■ YOUR TASK
The full listing, copied exactly and free of pictures, is the expected reply.

########################################

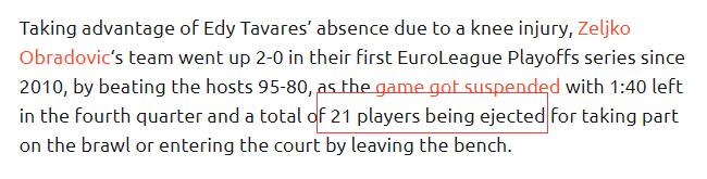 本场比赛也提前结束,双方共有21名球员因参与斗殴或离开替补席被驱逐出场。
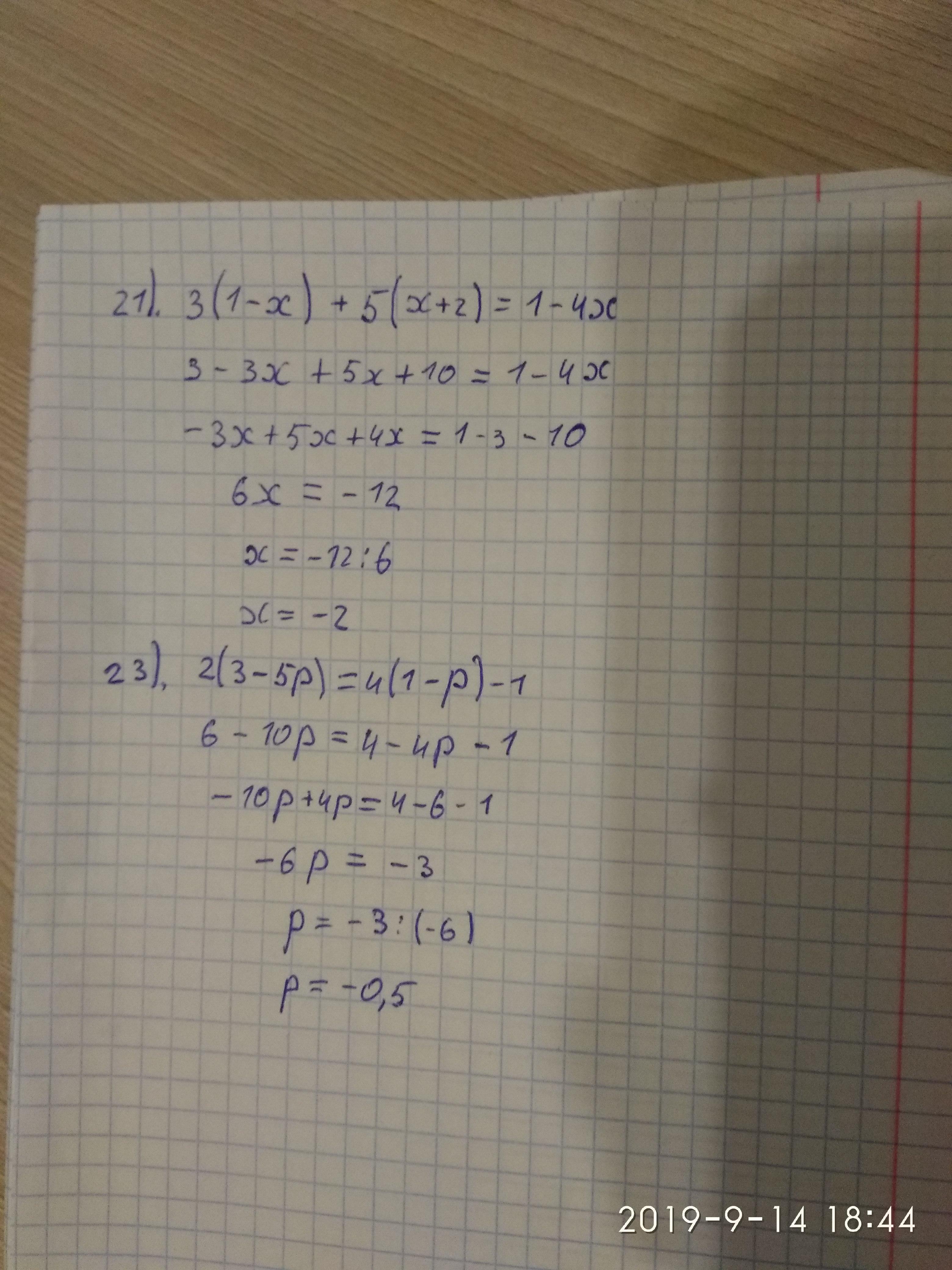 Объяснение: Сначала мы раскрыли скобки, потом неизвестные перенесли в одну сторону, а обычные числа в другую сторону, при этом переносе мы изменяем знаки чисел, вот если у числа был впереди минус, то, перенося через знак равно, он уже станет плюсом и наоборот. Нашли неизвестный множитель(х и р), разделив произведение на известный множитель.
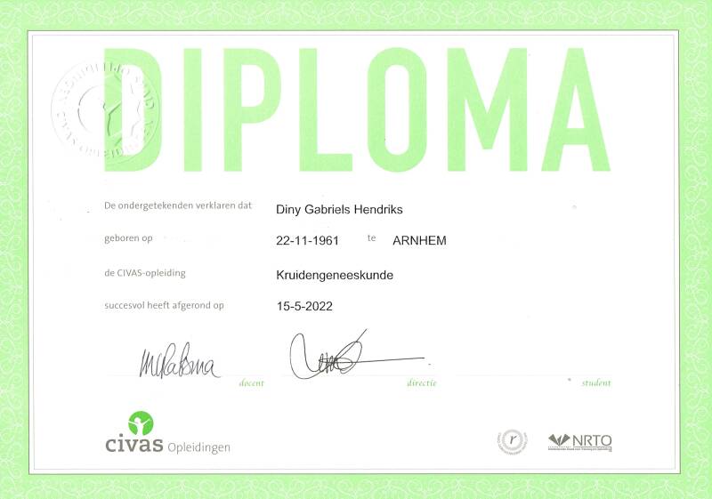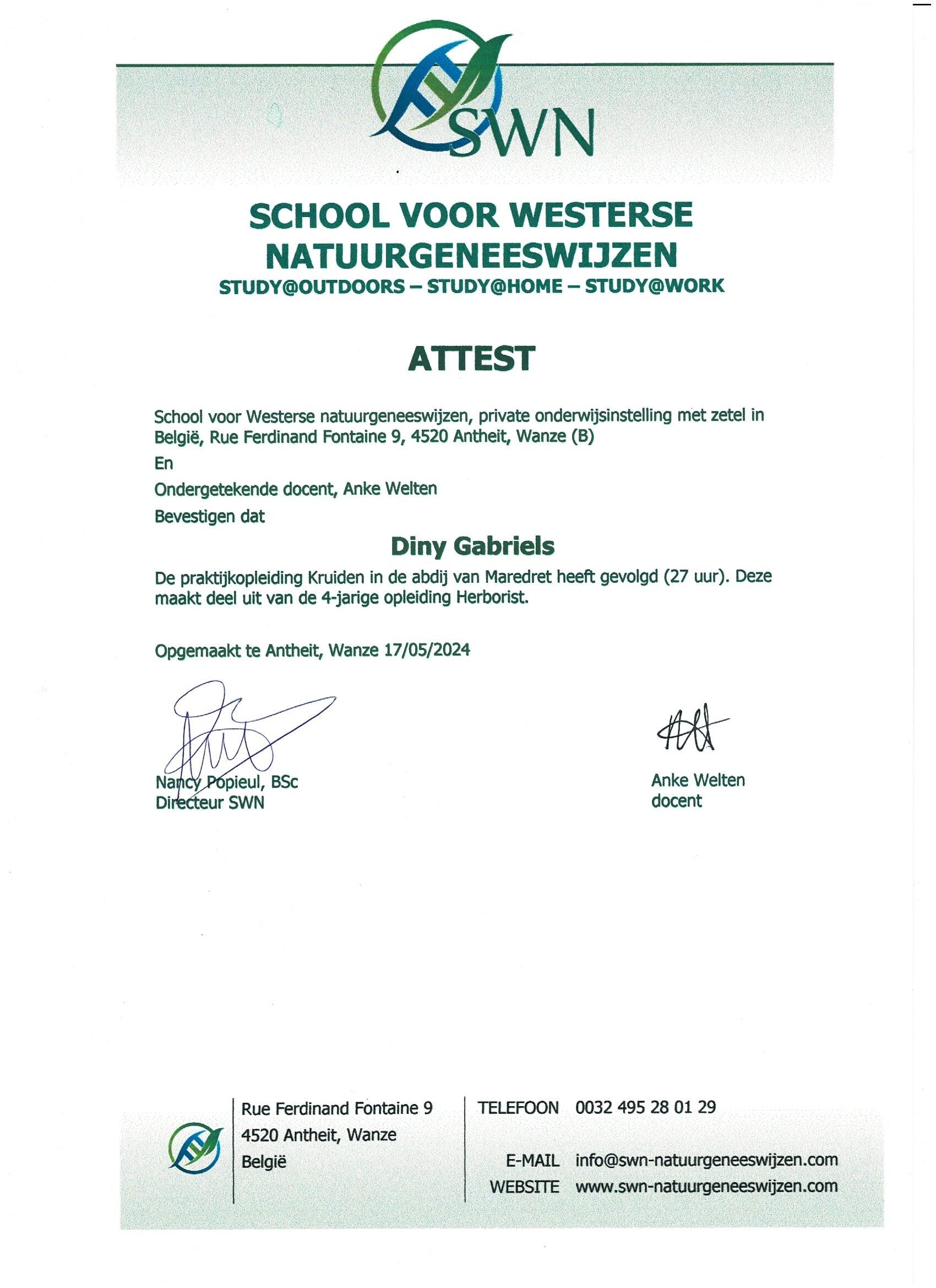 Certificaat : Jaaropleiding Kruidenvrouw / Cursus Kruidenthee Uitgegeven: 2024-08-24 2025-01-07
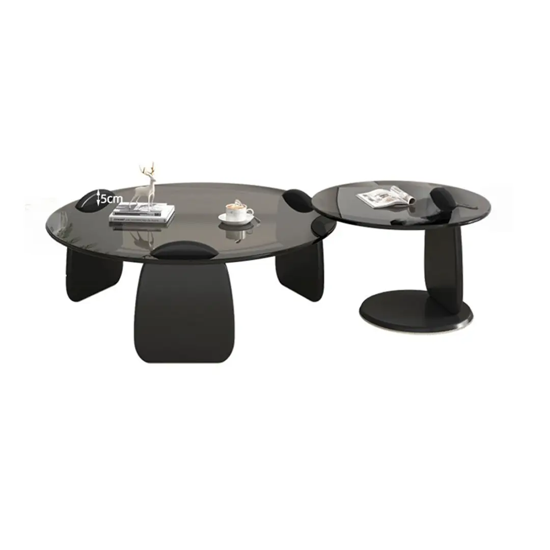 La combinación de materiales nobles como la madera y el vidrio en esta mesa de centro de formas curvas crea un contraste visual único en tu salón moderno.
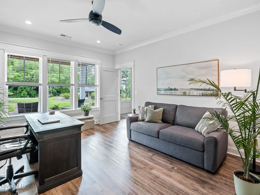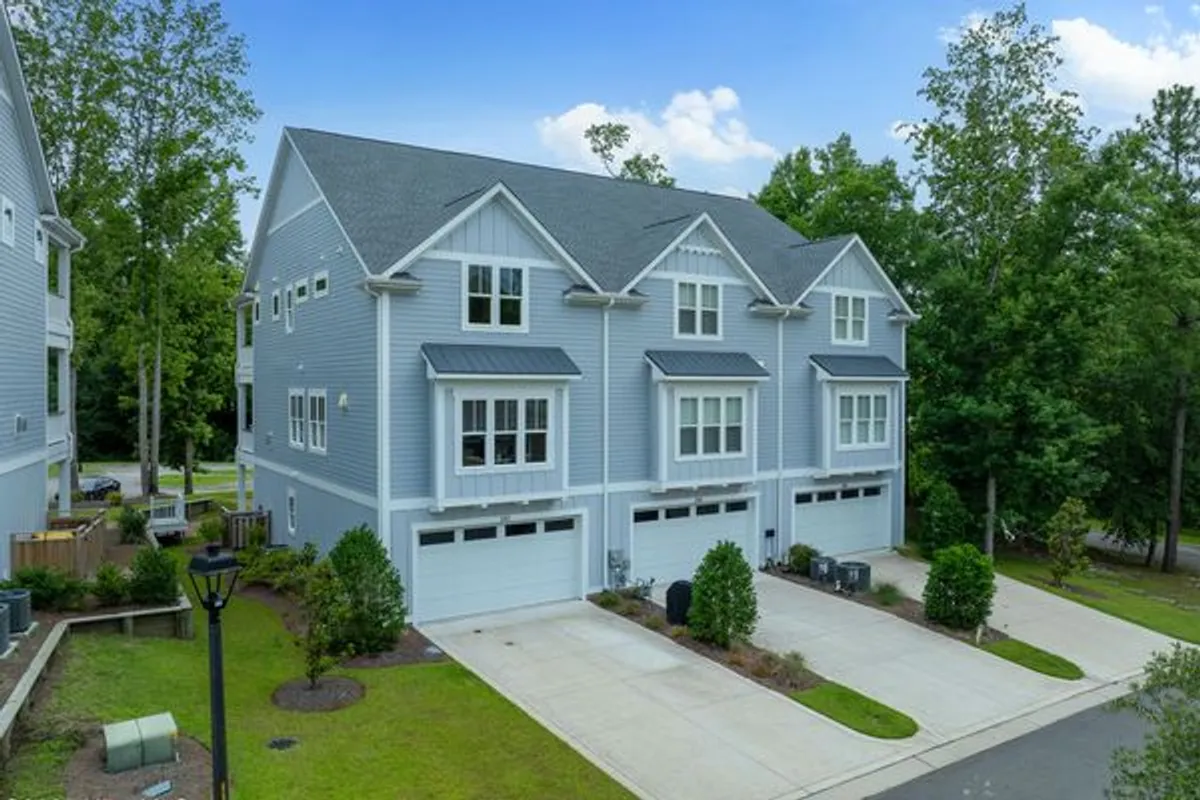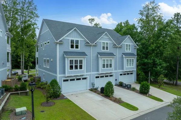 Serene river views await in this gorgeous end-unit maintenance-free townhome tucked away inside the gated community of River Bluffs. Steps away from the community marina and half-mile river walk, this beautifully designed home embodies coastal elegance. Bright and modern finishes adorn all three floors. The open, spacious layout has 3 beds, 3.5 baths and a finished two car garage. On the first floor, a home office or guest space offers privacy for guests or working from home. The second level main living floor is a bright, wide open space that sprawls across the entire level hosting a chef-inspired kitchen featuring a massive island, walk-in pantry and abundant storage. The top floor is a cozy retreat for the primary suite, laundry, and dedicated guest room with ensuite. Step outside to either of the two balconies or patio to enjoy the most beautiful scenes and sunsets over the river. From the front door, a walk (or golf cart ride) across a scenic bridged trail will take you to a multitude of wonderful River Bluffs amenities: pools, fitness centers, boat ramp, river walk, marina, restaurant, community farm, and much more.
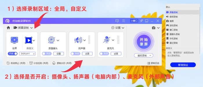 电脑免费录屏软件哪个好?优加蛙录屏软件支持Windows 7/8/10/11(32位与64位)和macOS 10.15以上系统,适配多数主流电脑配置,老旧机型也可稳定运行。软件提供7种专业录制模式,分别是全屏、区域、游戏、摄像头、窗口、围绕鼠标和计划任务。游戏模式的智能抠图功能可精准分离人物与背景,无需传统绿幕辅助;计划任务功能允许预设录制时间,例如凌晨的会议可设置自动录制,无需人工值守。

########################################

■ RESULT OF THIS EXERCISE
 本场比赛也提前结束,双方共有21名球员因参与斗殴或离开替补席被驱逐出场。
 Объяснение: Сначала мы раскрыли скобки, потом неизвестные перенесли в одну сторону, а обычные числа в другую сторону, при этом переносе мы изменяем знаки чисел, вот если у числа был впереди минус, то, перенося через знак равно, он уже станет плюсом и наоборот. Нашли неизвестный множитель(х и р), разделив произведение на известный множитель.
 Certificaat : Jaaropleiding Kruidenvrouw / Cursus Kruidenthee Uitgegeven: 2024-08-24 2025-01-07
 La combinación de materiales nobles como la madera y el vidrio en esta mesa de centro de formas curvas crea un contraste visual único en tu salón moderno.
 Serene river views await in this gorgeous end-unit maintenance-free townhome tucked away inside the gated community of River Bluffs. Steps away from the community marina and half-mile river walk, this beautifully designed home embodies coastal elegance. Bright and modern finishes adorn all three floors. The open, spacious layout has 3 beds, 3.5 baths and a finished two car garage. On the first floor, a home office or guest space offers privacy for guests or working from home. The second level main living floor is a bright, wide open space that sprawls across the entire level hosting a chef-inspired kitchen featuring a massive island, walk-in pantry and abundant storage. The top floor is a cozy retreat for the primary suite, laundry, and dedicated guest room with ensuite. Step outside to either of the two balconies or patio to enjoy the most beautiful scenes and sunsets over the river. From the front door, a walk (or golf cart ride) across a scenic bridged trail will take you to a multitude of wonderful River Bluffs amenities: pools, fitness centers, boat ramp, river walk, marina, restaurant, community farm, and much more.
 电脑免费录屏软件哪个好?优加蛙录屏软件支持Windows 7/8/10/11(32位与64位)和macOS 10.15以上系统,适配多数主流电脑配置,老旧机型也可稳定运行。软件提供7种专业录制模式,分别是全屏、区域、游戏、摄像头、窗口、围绕鼠标和计划任务。游戏模式的智能抠图功能可精准分离人物与背景,无需传统绿幕辅助;计划任务功能允许预设录制时间,例如凌晨的会议可设置自动录制,无需人工值守。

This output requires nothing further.